#### The task:
Once you find the line with "Cleo Leopard Print" in the entries below, print it and each line after it up to and including the line with "Uwaga kierowcy! Dziś, 5", exactly, without pictures.

#### Records for processing:
┄┄┄┄┄┄┄┄┄┄

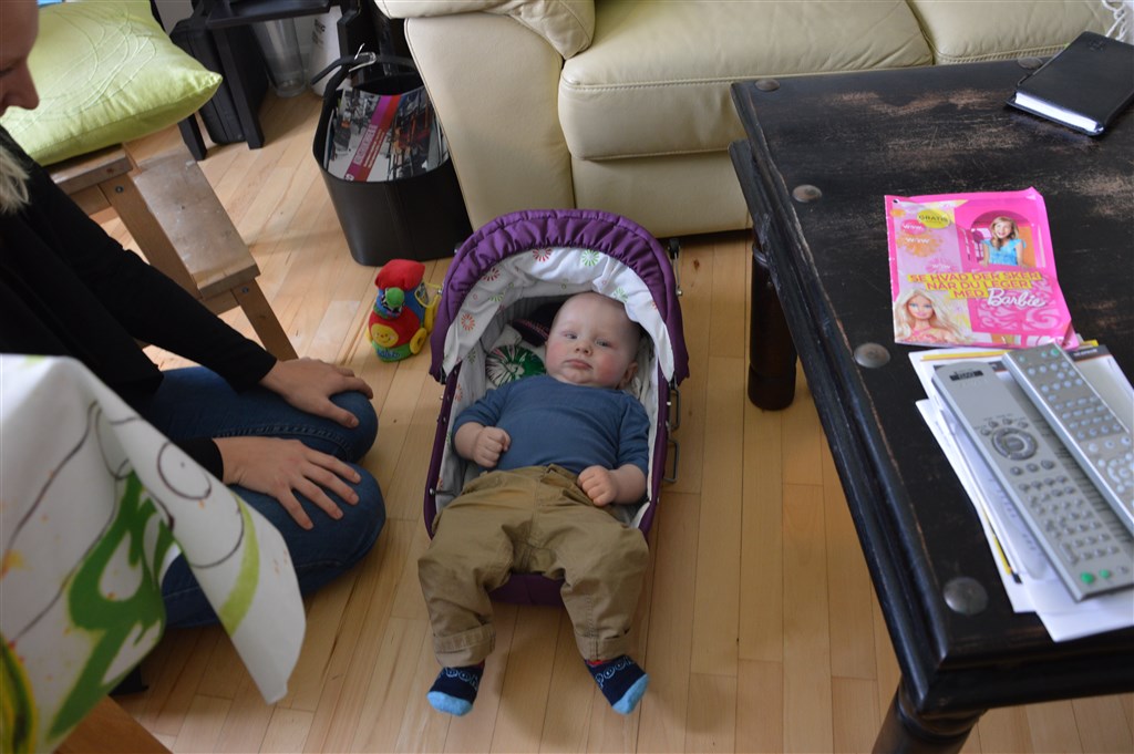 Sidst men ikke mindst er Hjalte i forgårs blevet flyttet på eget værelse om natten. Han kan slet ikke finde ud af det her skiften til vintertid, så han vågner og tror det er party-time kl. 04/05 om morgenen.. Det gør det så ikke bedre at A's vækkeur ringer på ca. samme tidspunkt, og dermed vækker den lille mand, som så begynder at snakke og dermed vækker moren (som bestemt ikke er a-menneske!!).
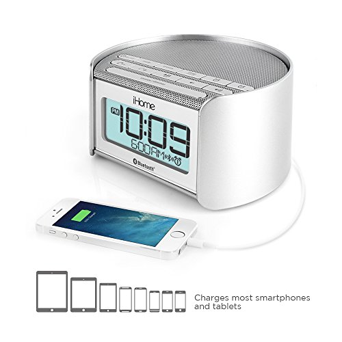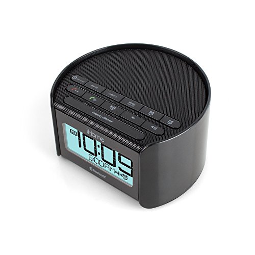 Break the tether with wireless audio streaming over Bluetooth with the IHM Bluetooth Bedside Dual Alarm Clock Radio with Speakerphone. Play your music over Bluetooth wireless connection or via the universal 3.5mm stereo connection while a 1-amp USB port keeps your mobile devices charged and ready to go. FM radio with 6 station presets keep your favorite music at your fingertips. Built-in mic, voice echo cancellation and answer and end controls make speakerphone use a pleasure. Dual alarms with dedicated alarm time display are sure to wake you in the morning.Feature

┄┄┄┄┄┄┄┄┄┄

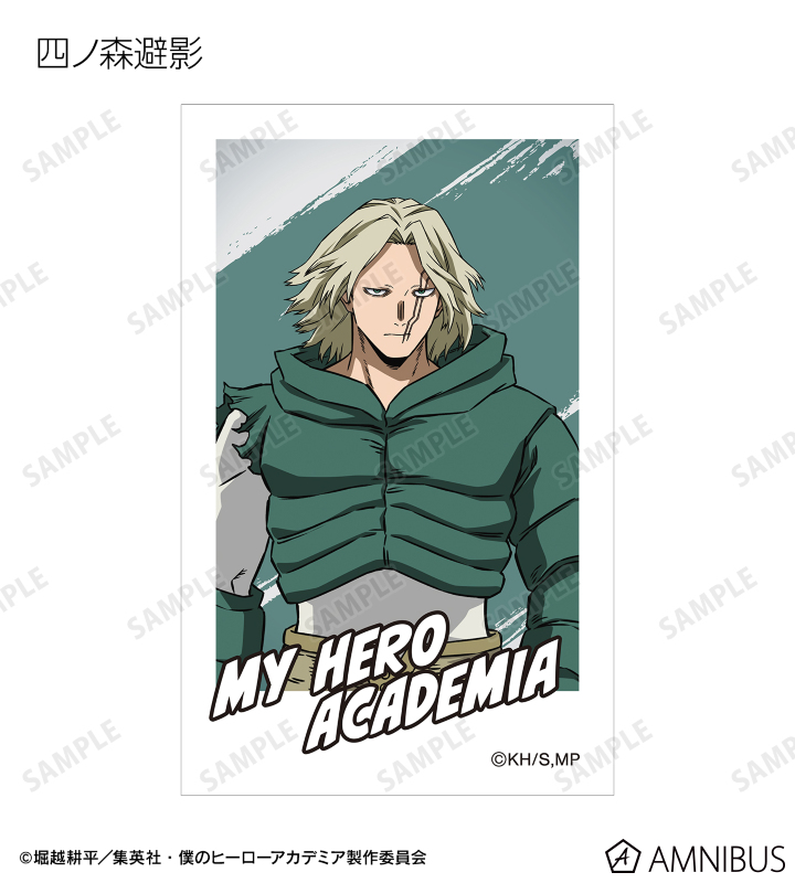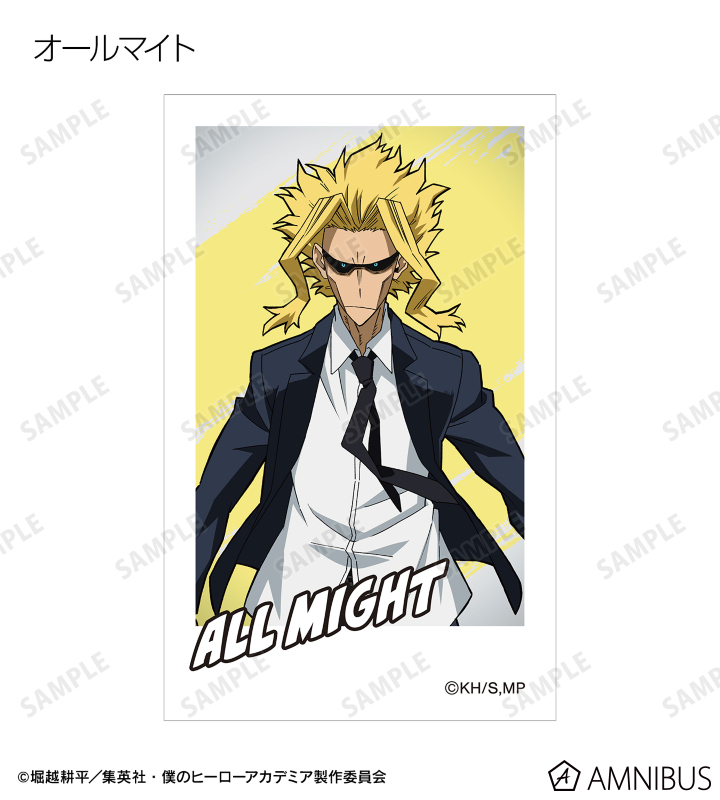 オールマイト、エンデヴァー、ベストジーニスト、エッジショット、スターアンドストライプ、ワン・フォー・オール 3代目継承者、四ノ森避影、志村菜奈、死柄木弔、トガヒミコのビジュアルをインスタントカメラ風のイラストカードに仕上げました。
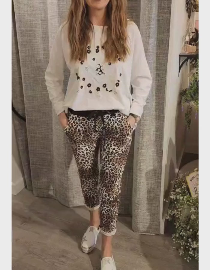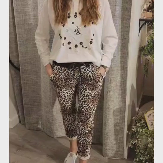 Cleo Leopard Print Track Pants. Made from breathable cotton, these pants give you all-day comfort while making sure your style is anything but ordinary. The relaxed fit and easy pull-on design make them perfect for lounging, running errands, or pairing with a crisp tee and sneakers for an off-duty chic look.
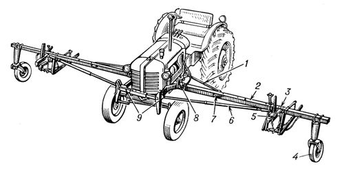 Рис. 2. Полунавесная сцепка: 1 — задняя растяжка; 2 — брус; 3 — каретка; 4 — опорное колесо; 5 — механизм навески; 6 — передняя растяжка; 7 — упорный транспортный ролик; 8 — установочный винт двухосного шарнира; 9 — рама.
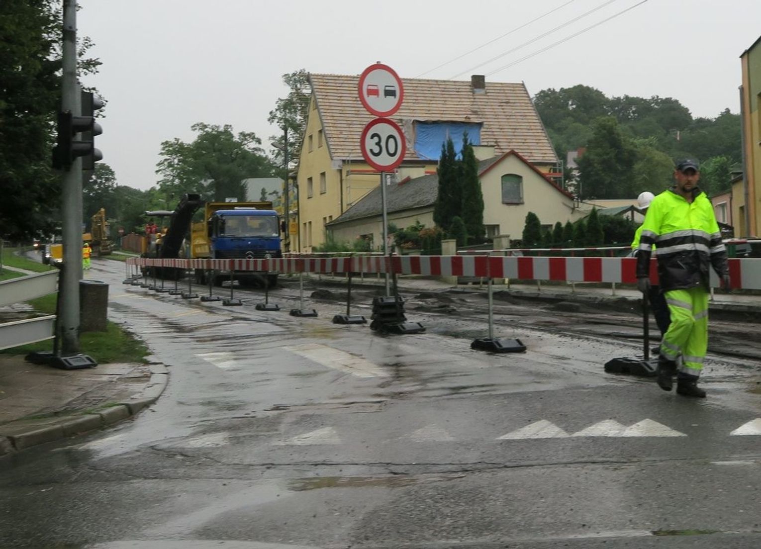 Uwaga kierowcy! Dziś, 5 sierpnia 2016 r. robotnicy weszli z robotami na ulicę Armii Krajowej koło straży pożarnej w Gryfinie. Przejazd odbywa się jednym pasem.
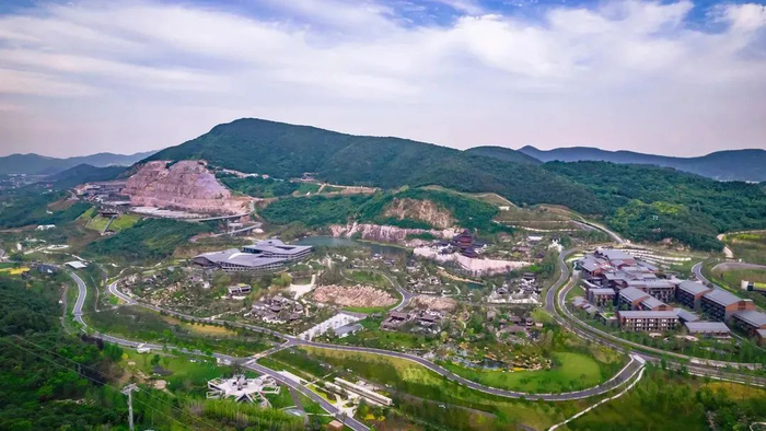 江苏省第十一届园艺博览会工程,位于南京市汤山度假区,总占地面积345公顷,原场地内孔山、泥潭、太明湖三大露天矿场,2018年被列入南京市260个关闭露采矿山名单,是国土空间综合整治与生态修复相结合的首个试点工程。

┄┄┄┄┄┄┄┄┄┄

#### Task response:
 Cleo Leopard Print Track Pants. Made from breathable cotton, these pants give you all-day comfort while making sure your style is anything but ordinary. The relaxed fit and easy pull-on design make them perfect for lounging, running errands, or pairing with a crisp tee and sneakers for an off-duty chic look.
 Рис. 2. Полунавесная сцепка: 1 — задняя растяжка; 2 — брус; 3 — каретка; 4 — опорное колесо; 5 — механизм навески; 6 — передняя растяжка; 7 — упорный транспортный ролик; 8 — установочный винт двухосного шарнира; 9 — рама.
 Uwaga kierowcy! Dziś, 5 sierpnia 2016 r. robotnicy weszli z robotami na ulicę Armii Krajowej koło straży pożarnej w Gryfinie. Przejazd odbywa się jednym pasem.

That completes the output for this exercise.